Mentre i lavori del G-20 dello scorso fine settimana si sono chiusi con alcune dichiarazioni di principio circa l’importanza di ripristinare i flussi di credito nell’economia come prerequisito fondamentale alla stabilizzazione del quadro macroeconomico, i recenti vistosi rialzi dei mercati azionari hanno suscitato speranze ed interrogativi circa la possibilità che il peggio sia effettivamente alle nostre spalle. La nostra impressione è che sia ancora del tutto prematuro giungere ad una simile conclusione, e tentiamo di illustrarne i motivi.

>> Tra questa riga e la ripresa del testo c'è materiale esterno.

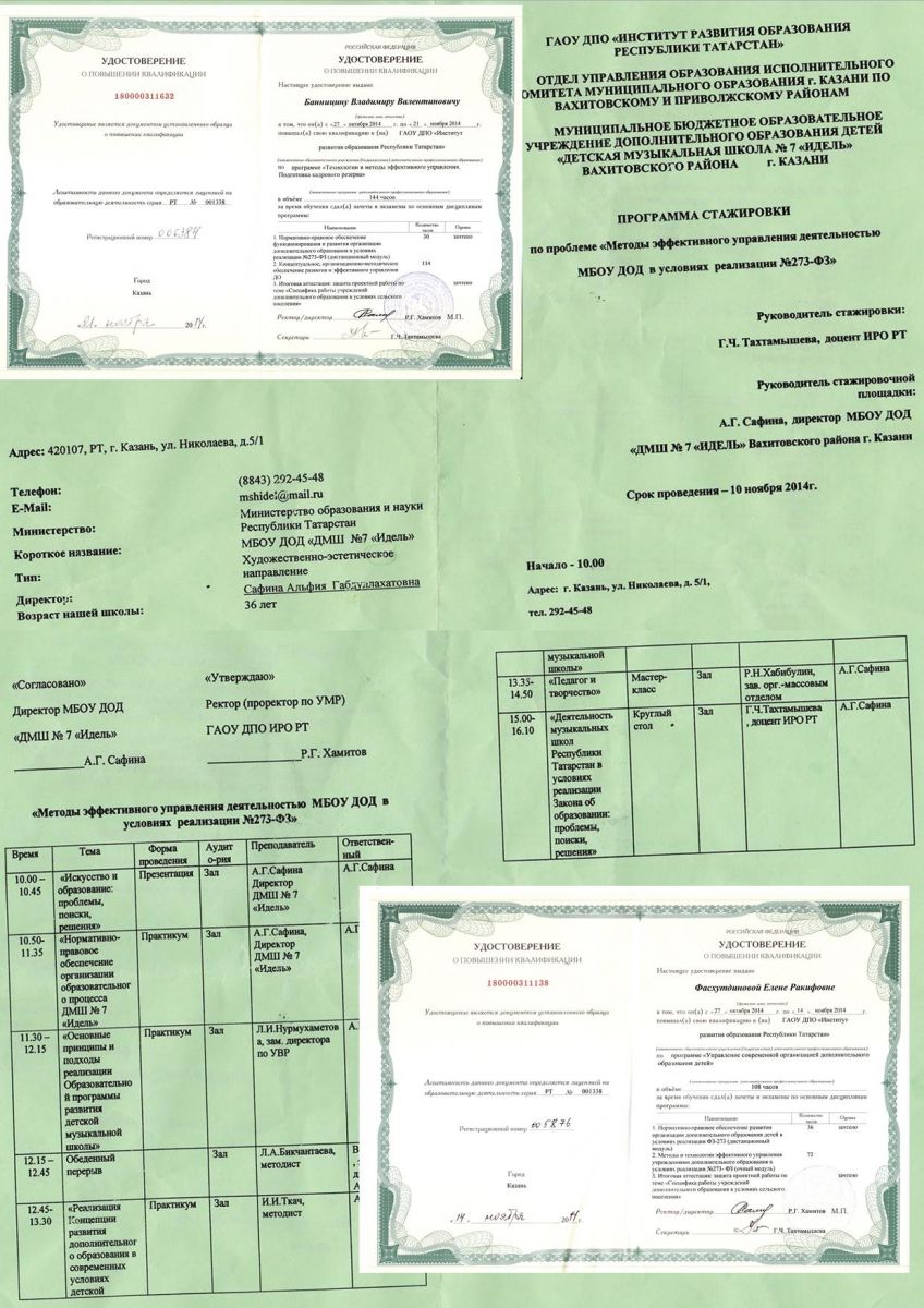 - Курсы повышения квалификации (ИРО РТ) по программе "Современные методики обучения игре на фортепиано в ДМШ" (2014г.)

E’ noto che i mercati azionari anticipano la congiuntura, a volte anche di parecchio. Per questo motivo gli annunci di Citigroup e Bank of America, le due grandi malate del sistema finanziario statunitense e globale, circa l’esistenza di una robusta redditività operativa nel primo bimestre dell’anno hanno contribuito a innescare un vistoso rally dei corsi azionari. Sfortunatamente, le due banche nulla hanno detto riguardo l’entità delle svalutazioni di attivi tossici che dovranno affrontare nelle prossime settimane, e che finiranno con l’erodere la loro apparentemente “robusta” capitalizzazione. Inoltre, la ripresa di redditività è in larga parte frutto di margini di intermediazione drogati da un lato dalla possibilità di indebitarsi al tasso pressoché simbolico consentito dalle agevolazioni governative, e dall’altro da prestiti erogati con maggiorazioni sui tassi interbancari (spread) che restano ancora molto elevate, indicatore caratteristico della stretta creditizia in atto. Il sospetto è che le autorità politiche statunitensi abbiano deciso di scegliere la via della “riparazione” dei bilanci delle banche attraverso questo processo, che è lento, costoso (per contribuenti e richiedenti credito) ed inefficiente.

Altra notizia che ha galvanizzato i mercati è stato il dato delle vendite al dettaglio statunitensi di febbraio, pressoché invariate, ma significativamente migliori delle stime di consenso degli analisti, che si accoppia alla revisione al rialzo di gennaio. Un dato che sembra suggerire il ritorno sulla scena del consumatore americano. Ma anche in questo caso, occorre essere prudenti: infatti, il fattore di correzione statistica per la stagionalità è stato in febbraio il maggiore degli ultimi 12 anni. I dati grezzi, cioè non corretti per la stagionalità, mostrano in realtà un calo mensile del 3,9 per cento, mentre storicamente il mese di febbraio tende a produrre variazioni mensili positive prima della destagionalizzazione.

Esiste allora qualche elemento di speranza, in un quadro fatto di sostanziale collasso del commercio internazionale, della produzione industriale globale e, in ultima istanza, della domanda? Per rispondere occorrerà osservare alcuni indicatori anticipatori. Tra essi, un ruolo di rilievo spetta all’andamento delle scorte. Il crollo verticale della domanda ha causato un accumulo involontario di scorte. Le imprese hanno i magazzini pieni. Ciò determina un aumento del tutto fittizio dei dati di prodotto interno lordo, che tende a farli apparire migliori di quanto effettivamente non siano (perché le scorte contribuiscono alla crescita del Pil, anche se sono destinate a restare invendute), ma al contempo costringono le imprese a pigiare con violenza il pedale del freno, cioè la produzione, e ciò si riflette in minore attività e livelli futuri di occupazione. Ebbene, gli ultimi dati statunitensi mostrano che le imprese stanno smaltendo di buona lena gli stock, più di quanto inizialmente stimato.